- [PROBLEM DETAILS]: Of the lines in the data below, write out exactly those from the one holding "Подавайте на стол!" through the one holding "児童玄関で昨日の音楽会の様子をテレビで流しました。", both included.

(Records excerpted from a collection)
━━━━━━
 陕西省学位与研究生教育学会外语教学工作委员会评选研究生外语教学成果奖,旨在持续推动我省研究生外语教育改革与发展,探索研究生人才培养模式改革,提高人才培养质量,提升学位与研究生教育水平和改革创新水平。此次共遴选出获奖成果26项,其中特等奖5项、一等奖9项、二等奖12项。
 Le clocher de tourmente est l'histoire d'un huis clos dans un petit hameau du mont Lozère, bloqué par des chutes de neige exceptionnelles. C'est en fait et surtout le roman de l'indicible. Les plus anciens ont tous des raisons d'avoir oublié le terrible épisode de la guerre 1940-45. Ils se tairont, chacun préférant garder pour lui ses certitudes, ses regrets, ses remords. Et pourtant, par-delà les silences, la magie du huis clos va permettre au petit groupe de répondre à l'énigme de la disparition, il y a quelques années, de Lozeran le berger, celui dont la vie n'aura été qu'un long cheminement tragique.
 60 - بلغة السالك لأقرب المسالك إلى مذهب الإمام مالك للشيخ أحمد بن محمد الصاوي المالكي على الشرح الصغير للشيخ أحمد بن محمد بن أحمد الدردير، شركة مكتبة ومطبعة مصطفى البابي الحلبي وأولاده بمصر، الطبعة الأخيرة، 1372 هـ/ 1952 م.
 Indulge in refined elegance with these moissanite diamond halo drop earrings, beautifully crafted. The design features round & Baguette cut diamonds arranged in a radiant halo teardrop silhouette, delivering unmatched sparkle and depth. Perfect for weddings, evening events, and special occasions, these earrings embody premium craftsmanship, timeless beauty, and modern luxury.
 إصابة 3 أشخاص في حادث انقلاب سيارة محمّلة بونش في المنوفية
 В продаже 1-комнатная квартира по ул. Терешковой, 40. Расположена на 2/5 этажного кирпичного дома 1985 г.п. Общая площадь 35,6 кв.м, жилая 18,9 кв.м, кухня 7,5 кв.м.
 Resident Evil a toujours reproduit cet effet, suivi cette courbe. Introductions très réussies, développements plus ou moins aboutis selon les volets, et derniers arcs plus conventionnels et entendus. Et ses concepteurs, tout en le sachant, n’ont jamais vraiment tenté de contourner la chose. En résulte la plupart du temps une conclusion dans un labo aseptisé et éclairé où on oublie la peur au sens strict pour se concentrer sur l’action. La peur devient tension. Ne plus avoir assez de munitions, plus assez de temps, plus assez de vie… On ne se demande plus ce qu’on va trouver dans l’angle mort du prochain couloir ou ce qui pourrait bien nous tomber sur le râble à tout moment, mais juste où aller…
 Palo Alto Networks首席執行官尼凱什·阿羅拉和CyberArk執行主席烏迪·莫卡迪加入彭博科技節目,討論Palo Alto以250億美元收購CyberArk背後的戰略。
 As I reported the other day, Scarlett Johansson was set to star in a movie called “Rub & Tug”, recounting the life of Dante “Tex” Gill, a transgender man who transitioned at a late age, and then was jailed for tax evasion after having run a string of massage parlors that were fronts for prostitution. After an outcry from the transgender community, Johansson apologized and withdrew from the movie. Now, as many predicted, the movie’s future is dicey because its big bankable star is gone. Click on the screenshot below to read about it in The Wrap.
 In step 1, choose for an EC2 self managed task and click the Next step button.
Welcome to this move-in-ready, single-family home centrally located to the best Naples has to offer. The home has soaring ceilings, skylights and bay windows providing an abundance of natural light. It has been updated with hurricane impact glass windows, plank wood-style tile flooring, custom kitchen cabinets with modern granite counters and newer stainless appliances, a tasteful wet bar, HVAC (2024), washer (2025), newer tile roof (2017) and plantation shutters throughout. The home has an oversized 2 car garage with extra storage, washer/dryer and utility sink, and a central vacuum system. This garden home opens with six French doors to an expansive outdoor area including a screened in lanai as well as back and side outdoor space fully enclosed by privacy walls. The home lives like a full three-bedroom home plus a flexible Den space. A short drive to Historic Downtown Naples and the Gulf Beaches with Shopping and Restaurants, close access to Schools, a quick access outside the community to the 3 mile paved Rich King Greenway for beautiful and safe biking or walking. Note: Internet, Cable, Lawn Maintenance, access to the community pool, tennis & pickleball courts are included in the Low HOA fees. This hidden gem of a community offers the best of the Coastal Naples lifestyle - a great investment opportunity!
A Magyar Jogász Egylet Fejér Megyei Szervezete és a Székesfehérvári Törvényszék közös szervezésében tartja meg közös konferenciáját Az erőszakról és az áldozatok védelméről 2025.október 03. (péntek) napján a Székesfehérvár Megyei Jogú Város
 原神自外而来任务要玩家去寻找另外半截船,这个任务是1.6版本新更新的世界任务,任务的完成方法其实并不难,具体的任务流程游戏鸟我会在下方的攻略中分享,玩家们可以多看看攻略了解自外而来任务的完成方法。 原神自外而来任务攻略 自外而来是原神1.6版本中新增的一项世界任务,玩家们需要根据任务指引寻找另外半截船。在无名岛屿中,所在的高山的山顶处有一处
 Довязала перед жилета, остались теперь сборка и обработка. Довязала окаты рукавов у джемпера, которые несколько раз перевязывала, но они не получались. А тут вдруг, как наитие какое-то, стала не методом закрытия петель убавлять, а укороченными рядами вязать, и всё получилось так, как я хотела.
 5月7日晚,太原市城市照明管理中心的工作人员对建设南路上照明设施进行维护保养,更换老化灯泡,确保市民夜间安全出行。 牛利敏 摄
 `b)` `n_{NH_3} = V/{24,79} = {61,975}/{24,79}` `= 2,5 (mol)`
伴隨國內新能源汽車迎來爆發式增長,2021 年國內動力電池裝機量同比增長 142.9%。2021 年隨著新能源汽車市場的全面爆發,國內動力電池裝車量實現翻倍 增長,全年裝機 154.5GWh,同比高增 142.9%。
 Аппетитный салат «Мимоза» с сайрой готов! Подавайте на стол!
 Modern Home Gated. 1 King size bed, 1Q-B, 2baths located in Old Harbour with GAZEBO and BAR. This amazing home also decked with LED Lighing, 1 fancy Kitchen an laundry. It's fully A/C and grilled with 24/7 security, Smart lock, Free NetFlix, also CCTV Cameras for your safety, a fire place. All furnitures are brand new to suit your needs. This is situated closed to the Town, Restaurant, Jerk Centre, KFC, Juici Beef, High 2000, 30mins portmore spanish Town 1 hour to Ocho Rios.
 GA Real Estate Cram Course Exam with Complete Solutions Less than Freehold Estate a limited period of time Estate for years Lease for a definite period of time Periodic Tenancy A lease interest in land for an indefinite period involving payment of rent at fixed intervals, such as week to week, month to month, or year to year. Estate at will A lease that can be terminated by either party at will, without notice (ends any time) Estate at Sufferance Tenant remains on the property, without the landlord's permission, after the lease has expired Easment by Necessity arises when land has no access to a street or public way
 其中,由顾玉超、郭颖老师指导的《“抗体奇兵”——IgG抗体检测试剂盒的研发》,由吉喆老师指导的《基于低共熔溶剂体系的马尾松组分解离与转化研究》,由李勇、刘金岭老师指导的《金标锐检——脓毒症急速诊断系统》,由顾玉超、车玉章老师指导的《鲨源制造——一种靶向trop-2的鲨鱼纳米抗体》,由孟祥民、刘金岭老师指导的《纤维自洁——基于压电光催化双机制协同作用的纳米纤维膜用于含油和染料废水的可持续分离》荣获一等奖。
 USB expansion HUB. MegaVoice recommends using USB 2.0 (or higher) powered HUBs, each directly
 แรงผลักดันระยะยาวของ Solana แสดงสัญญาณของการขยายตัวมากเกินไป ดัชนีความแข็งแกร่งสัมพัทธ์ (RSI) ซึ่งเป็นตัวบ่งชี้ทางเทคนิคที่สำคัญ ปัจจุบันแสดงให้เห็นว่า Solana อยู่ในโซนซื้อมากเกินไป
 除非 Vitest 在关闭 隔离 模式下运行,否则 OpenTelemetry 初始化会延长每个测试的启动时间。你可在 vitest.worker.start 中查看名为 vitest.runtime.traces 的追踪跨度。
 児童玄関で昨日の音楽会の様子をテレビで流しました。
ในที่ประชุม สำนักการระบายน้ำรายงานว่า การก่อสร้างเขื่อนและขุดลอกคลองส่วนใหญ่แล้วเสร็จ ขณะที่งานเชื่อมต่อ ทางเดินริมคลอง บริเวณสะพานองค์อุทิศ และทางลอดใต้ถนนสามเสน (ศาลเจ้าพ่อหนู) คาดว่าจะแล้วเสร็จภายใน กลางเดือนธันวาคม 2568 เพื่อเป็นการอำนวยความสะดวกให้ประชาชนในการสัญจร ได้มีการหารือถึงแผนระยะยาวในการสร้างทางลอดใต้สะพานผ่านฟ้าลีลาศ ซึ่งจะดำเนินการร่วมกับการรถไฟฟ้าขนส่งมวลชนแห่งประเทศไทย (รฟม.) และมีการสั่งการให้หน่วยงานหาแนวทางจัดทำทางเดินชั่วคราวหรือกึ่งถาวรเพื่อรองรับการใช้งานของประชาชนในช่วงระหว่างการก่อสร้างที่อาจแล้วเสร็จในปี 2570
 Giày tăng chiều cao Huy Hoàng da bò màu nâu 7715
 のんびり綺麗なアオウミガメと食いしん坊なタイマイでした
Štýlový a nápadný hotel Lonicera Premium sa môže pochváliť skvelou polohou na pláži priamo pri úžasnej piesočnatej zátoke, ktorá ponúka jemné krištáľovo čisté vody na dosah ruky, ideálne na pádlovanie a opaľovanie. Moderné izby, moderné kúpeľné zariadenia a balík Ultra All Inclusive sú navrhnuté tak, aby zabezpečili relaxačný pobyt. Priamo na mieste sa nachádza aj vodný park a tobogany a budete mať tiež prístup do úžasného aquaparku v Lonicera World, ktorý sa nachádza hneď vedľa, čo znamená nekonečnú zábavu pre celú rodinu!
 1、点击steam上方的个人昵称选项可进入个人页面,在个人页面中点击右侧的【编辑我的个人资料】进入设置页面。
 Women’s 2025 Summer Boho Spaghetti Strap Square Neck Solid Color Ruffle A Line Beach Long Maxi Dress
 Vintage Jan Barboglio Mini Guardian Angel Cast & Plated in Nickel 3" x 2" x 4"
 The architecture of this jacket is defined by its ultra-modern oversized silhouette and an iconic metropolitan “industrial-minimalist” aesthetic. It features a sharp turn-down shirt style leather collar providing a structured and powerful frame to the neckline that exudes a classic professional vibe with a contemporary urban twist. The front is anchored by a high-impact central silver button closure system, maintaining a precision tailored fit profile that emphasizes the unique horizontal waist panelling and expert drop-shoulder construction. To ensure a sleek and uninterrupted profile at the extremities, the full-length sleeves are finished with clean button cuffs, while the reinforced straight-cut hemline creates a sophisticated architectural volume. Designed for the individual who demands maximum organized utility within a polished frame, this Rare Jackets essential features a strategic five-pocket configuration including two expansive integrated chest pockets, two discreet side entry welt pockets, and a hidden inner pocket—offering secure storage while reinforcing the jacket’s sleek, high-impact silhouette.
━━━━━━
- [REPLY]:
 Аппетитный салат «Мимоза» с сайрой готов! Подавайте на стол!
 Modern Home Gated. 1 King size bed, 1Q-B, 2baths located in Old Harbour with GAZEBO and BAR. This amazing home also decked with LED Lighing, 1 fancy Kitchen an laundry. It's fully A/C and grilled with 24/7 security, Smart lock, Free NetFlix, also CCTV Cameras for your safety, a fire place. All furnitures are brand new to suit your needs. This is situated closed to the Town, Restaurant, Jerk Centre, KFC, Juici Beef, High 2000, 30mins portmore spanish Town 1 hour to Ocho Rios.
 GA Real Estate Cram Course Exam with Complete Solutions Less than Freehold Estate a limited period of time Estate for years Lease for a definite period of time Periodic Tenancy A lease interest in land for an indefinite period involving payment of rent at fixed intervals, such as week to week, month to month, or year to year. Estate at will A lease that can be terminated by either party at will, without notice (ends any time) Estate at Sufferance Tenant remains on the property, without the landlord's permission, after the lease has expired Easment by Necessity arises when land has no access to a street or public way
 其中,由顾玉超、郭颖老师指导的《“抗体奇兵”——IgG抗体检测试剂盒的研发》,由吉喆老师指导的《基于低共熔溶剂体系的马尾松组分解离与转化研究》,由李勇、刘金岭老师指导的《金标锐检——脓毒症急速诊断系统》,由顾玉超、车玉章老师指导的《鲨源制造——一种靶向trop-2的鲨鱼纳米抗体》,由孟祥民、刘金岭老师指导的《纤维自洁——基于压电光催化双机制协同作用的纳米纤维膜用于含油和染料废水的可持续分离》荣获一等奖。
 USB expansion HUB. MegaVoice recommends using USB 2.0 (or higher) powered HUBs, each directly
 แรงผลักดันระยะยาวของ Solana แสดงสัญญาณของการขยายตัวมากเกินไป ดัชนีความแข็งแกร่งสัมพัทธ์ (RSI) ซึ่งเป็นตัวบ่งชี้ทางเทคนิคที่สำคัญ ปัจจุบันแสดงให้เห็นว่า Solana อยู่ในโซนซื้อมากเกินไป
 除非 Vitest 在关闭 隔离 模式下运行,否则 OpenTelemetry 初始化会延长每个测试的启动时间。你可在 vitest.worker.start 中查看名为 vitest.runtime.traces 的追踪跨度。
 児童玄関で昨日の音楽会の様子をテレビで流しました。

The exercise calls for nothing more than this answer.